Diakopoulos, N., & Koliska, M. (2017). Algorithmic transparency in the news media. Digital journalism, 5(7), 809-828.

Explanations as Mechanisms for Supporting Algorithmic Transparency

PDF in CHI 2018

  • Transparency involves encountering non-obvious information that is difficult for an individual to learn or experience directly, about how and why a system works the way it does and what this means for the system’s outputs.
  • Greater transparency allows people to question and critique a system in order to develop appropriate reliance, rather than blind faith
  • Methods for transparency
    • algorithm audits, which investigate both how an algorithmic decision making system works, and what its impacts are
      • some have argued that platforms are intentionally opaque regarding details about their operation as a form of self-protection from competitors or others who attempt to “game” the system
    • providing explanations, a common approach in recommender systems that may help solve problems caused by lack of transparency in algorithmic decision-making systems
  • How explanations are “white box descriptions”
    • They provide information about how a system produces a recommendation, particularly focusing on the system’s reasoning and data source
  • Why explanations are “black box descriptions”
    • providing justifications for a system and its outcomes and explaining the motivations behind the system, but not disclosing how the system works.
    • These explanations fill an intention gap between a user’s needs and interests and the system’s goals, but do not provide any visibility into how the system works
  • Transparency of mechanism vs outcome

Cited as:

Rader, E., Cotter, K., & Cho, J. (2018, April).
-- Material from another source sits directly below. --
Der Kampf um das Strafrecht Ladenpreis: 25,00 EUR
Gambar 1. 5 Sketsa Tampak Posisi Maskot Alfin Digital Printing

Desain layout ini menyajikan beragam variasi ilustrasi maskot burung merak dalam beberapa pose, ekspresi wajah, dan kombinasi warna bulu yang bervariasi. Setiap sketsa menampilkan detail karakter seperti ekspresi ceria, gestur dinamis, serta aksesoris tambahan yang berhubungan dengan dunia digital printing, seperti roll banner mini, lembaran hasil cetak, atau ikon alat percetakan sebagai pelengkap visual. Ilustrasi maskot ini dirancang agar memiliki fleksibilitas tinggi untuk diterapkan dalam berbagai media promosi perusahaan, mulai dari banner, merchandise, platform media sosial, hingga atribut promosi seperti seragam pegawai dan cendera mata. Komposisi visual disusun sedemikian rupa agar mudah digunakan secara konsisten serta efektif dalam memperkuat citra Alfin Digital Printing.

Explanations as mechanisms for supporting algorithmic transparency. In Proceedings of the 2018 CHI conference on human factors in computing systems (pp. 1-13).
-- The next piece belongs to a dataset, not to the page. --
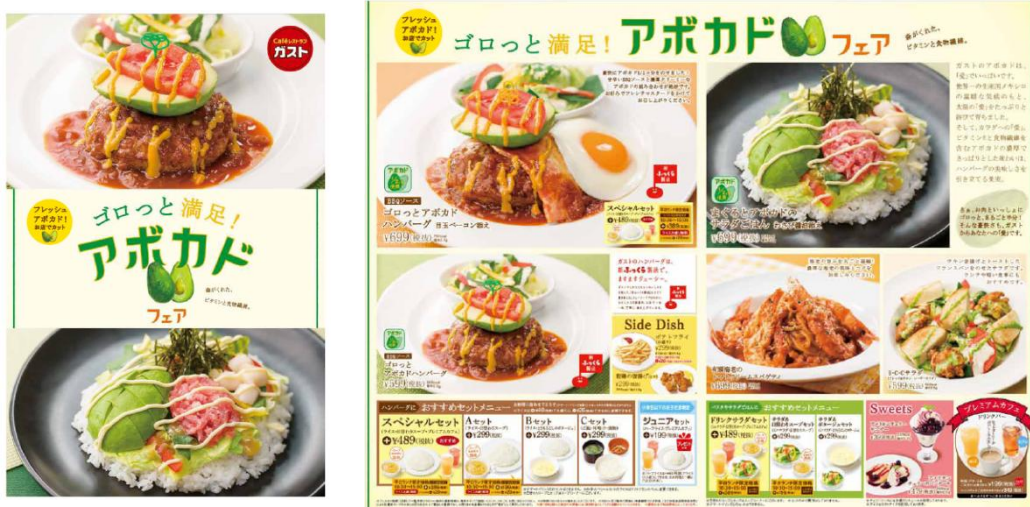
ゲストの「ゴロっと満足！アボカドフェア」メニュー

ACM Principles for Algorithmic Transparency and Accountability

  • Awareness: stakeholders of analytic systems should be aware of the biases + risks + potential harms their design, implementation, and use could cause
  • Access and redress: encourage the adoption of mechanisms that allow questioning by and remediation for groups adversely affected by algorithmic decision making systems
  • Accountability: institutions should be held responsible for decisions made by their algorithms, even if how the model arrived at its results is inexplicable
  • Explanation: systems are encouraged to produce explanations of model output (regarding both procedures followed by algorithm as well as decisions made)
  • Data Provenance: describe how the data was collected and should be maintained, along with an exploration of the potential biases induced by the data gathering process
  • Auditability: models, algorithms, data, and decisions should be recorded so that they can be audited in cases where harm is suspected
  • Validation + Testing: institutions should routinely use rigorous methods to validate their models (against discriminatory harm for example) and documents those methods.